TrustMovies calls this film a straight-to-DVD release, even though the IMDB says that it had a theatrical opening in the U.S. back in May of 2002, and then played the Palm Springs Film Fest later that year. This must have been a very limited release. In any case, the film has not been heard of on these shores since then and is only getting a rather major DVD and Blu-ray release now -- from Inception Media Group LLC -- due to Hardy's continuing notoriety and abilities.
The story, which is based on several years in the life of Britisher Simon Murray (shown at left), who, during the 1960s, when a love affair went south, impulsively signed a five-year contract to serve in the French Foreign Legion. The film recounts much of that service, which is full of incident, camaraderie, and a little love (the hetero sort: don't expect the barely-buried homo-eroticism of Claire Denis' Beau Travail). Because the French-Algerian war is raging during this time, and the legion's home is in Algiers, we also get a pretty good dose of allegiances formed and betrayed. Our hero tries to see both sides of each situation, and his superiors in the Legion often seem surprisingly understanding.

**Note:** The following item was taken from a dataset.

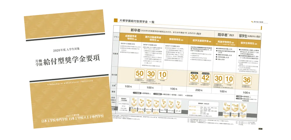 片柳学園給付型奨学金 「成績優秀者特待生」50万円受給

If only the movie-making were of a higher caliber, Deserter might have been quite a film. The direction -- from a fellow better known for producing (this was his first and evidently only foray into directing), Martin Huberty -- is adequate but little more. While nothing here is awful, most of the movie seems a bit amateurish in its direction and screenplay. Though it is not always predictable, many of the incidents, as shown us, seem a little too "standard," particularly in the ways that these incidents are fleshed-out. Still, the film is always watchable, and if it's somewhat sanitized, it is never stupid. I must also say that the Blu-ray transfer is the best I've seen so far from Inception Media Group. This is quality in every way, with rich colors, deep blacks and as images as sharply detailed as you could desire.